*** PROVIDED RECORDS ***
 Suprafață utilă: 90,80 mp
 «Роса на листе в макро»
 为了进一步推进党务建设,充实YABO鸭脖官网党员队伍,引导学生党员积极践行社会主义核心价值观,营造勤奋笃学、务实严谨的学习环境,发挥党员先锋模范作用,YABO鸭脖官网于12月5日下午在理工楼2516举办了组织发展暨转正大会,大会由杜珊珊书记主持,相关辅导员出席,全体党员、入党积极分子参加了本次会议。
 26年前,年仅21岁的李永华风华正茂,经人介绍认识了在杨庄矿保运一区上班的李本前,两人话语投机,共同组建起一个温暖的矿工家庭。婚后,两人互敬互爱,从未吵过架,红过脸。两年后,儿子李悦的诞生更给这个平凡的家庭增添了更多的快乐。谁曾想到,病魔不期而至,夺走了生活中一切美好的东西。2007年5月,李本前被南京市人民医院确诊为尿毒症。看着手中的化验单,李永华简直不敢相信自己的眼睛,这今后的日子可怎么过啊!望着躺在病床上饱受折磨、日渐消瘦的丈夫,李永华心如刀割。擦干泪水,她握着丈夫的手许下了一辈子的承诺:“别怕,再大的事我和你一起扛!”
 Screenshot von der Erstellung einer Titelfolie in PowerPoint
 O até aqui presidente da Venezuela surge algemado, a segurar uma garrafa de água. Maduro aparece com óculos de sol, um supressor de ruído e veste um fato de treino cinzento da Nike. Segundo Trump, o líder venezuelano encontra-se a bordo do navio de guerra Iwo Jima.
***
*** PROVIDED RECORDS ***
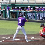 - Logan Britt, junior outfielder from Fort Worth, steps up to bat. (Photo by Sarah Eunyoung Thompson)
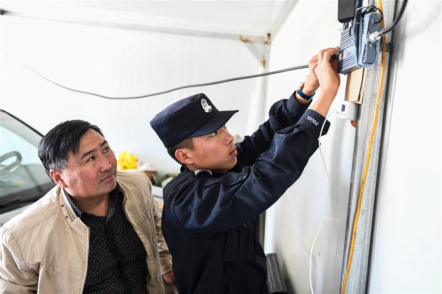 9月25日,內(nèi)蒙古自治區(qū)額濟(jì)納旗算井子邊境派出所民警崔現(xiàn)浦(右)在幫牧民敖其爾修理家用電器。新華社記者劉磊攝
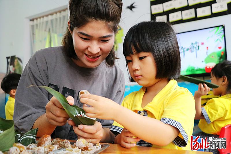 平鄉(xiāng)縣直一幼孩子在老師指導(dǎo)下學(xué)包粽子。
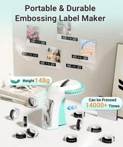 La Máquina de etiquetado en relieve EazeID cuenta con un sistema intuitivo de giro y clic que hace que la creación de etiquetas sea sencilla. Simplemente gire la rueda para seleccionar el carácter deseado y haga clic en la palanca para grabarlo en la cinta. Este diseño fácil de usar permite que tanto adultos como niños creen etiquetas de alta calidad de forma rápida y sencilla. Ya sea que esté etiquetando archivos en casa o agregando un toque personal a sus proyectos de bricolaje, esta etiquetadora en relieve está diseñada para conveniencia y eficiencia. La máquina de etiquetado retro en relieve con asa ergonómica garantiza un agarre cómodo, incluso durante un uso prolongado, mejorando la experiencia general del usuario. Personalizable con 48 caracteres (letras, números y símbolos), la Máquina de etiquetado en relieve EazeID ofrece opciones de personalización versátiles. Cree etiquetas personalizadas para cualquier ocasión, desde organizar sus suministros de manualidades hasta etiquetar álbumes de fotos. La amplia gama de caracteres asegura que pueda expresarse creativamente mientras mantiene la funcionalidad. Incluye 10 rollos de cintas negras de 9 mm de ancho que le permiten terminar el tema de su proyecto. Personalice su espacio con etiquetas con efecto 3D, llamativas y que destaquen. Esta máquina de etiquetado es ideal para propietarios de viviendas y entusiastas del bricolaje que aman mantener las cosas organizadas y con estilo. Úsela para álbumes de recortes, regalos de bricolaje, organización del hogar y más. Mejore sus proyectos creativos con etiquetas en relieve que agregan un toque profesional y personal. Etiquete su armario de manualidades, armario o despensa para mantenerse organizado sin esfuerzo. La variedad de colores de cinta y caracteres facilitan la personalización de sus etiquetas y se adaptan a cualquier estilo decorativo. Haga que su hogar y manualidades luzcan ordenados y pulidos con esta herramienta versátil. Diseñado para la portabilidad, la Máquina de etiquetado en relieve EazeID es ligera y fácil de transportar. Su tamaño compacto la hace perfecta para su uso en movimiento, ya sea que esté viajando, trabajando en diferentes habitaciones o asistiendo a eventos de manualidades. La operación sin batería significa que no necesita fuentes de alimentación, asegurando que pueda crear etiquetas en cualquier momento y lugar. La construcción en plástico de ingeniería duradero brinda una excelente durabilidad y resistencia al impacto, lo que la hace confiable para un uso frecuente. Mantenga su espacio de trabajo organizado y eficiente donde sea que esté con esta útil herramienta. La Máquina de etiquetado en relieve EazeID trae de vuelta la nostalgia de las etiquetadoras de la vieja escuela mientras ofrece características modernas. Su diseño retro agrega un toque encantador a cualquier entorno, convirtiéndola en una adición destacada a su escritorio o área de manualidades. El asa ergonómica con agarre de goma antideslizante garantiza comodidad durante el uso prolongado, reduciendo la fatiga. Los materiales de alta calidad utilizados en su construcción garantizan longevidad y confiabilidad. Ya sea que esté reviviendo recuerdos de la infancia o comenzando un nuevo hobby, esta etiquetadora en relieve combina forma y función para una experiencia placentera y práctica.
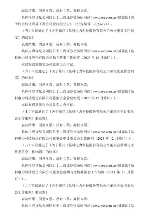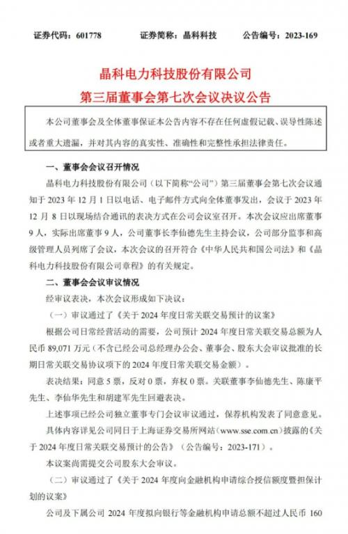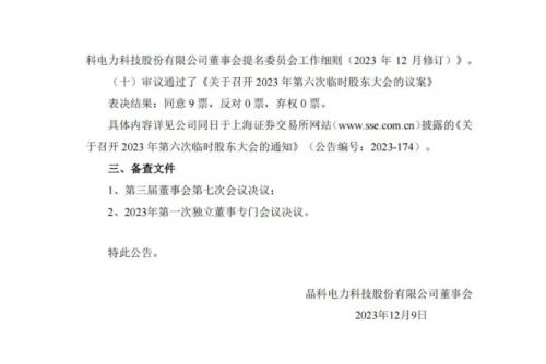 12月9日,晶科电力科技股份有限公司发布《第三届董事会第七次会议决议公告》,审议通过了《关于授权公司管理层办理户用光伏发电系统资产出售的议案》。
***
*** PROVIDED RECORDS ***
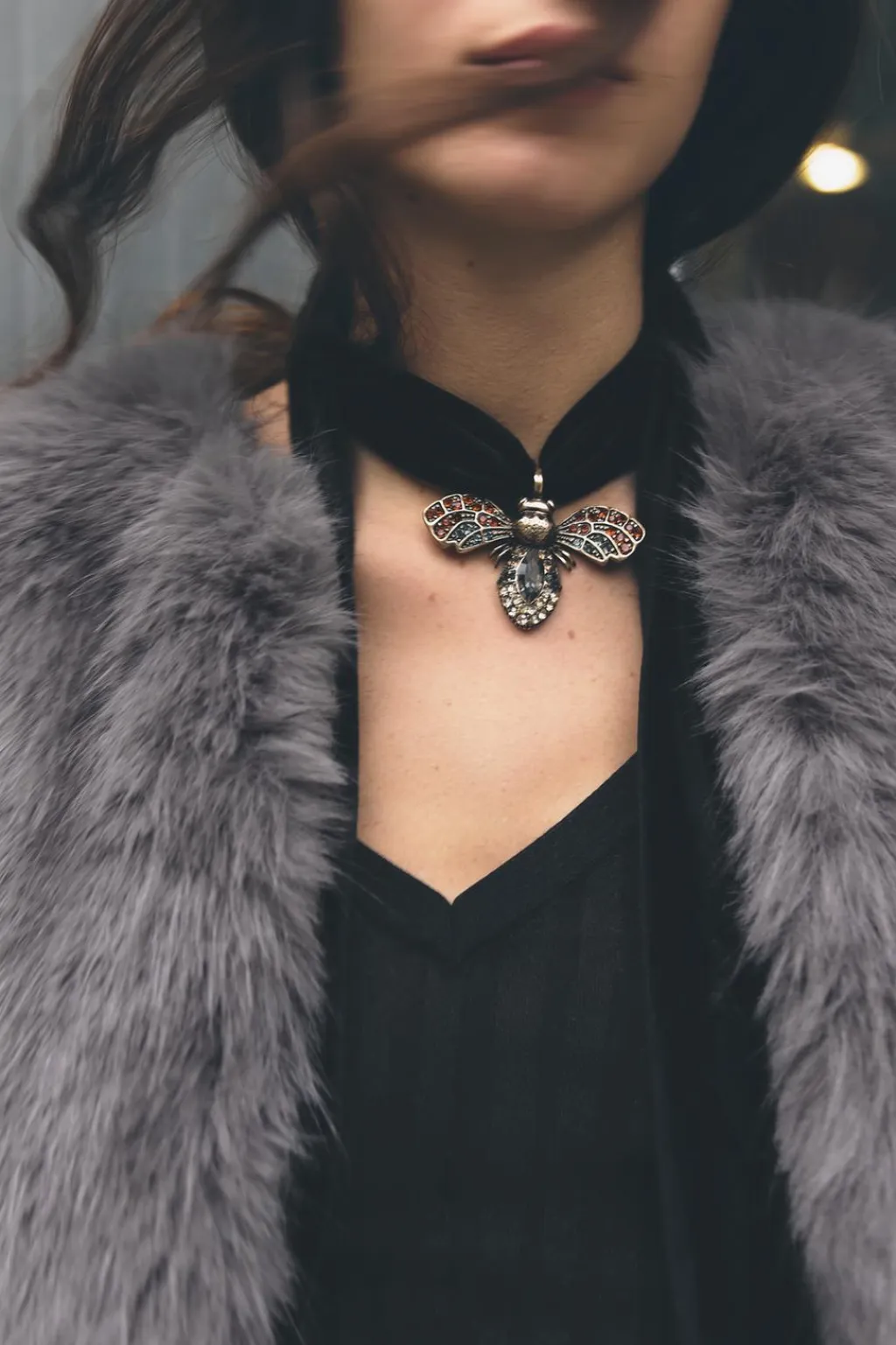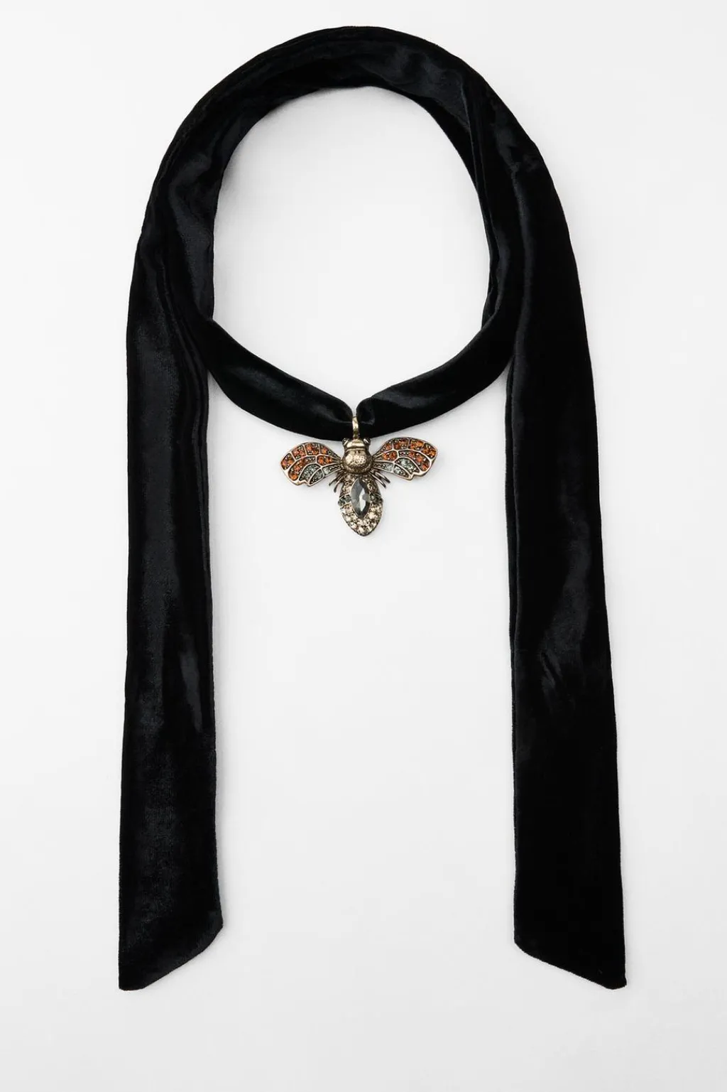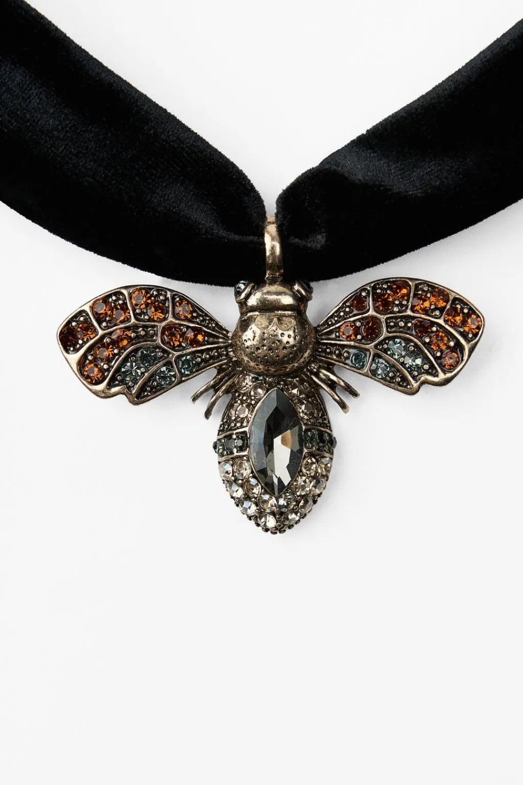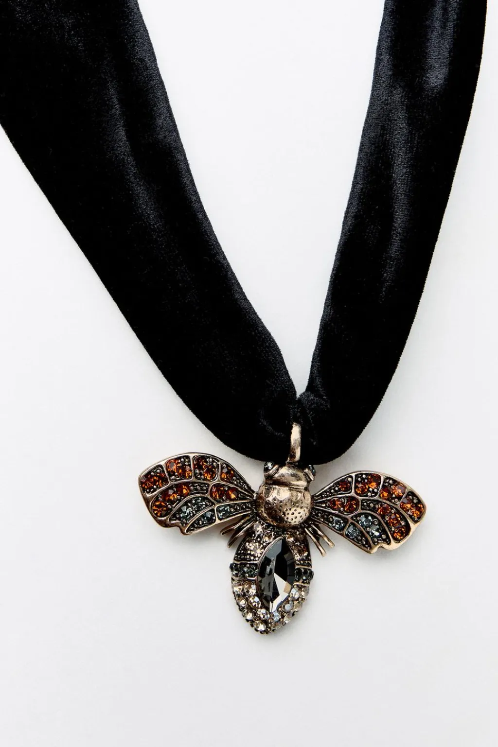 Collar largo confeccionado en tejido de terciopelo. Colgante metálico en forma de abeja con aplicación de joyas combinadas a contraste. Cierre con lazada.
***
In the listing above, find the line containing "为了进一步推进党务建设,充实" and the line containing "Screenshot von der", then repeat those two lines and everything between them exactly.

 为了进一步推进党务建设,充实YABO鸭脖官网党员队伍,引导学生党员积极践行社会主义核心价值观,营造勤奋笃学、务实严谨的学习环境,发挥党员先锋模范作用,YABO鸭脖官网于12月5日下午在理工楼2516举办了组织发展暨转正大会,大会由杜珊珊书记主持,相关辅导员出席,全体党员、入党积极分子参加了本次会议。
 26年前,年仅21岁的李永华风华正茂,经人介绍认识了在杨庄矿保运一区上班的李本前,两人话语投机,共同组建起一个温暖的矿工家庭。婚后,两人互敬互爱,从未吵过架,红过脸。两年后,儿子李悦的诞生更给这个平凡的家庭增添了更多的快乐。谁曾想到,病魔不期而至,夺走了生活中一切美好的东西。2007年5月,李本前被南京市人民医院确诊为尿毒症。看着手中的化验单,李永华简直不敢相信自己的眼睛,这今后的日子可怎么过啊!望着躺在病床上饱受折磨、日渐消瘦的丈夫,李永华心如刀割。擦干泪水,她握着丈夫的手许下了一辈子的承诺:“别怕,再大的事我和你一起扛!”
 Screenshot von der Erstellung einer Titelfolie in PowerPoint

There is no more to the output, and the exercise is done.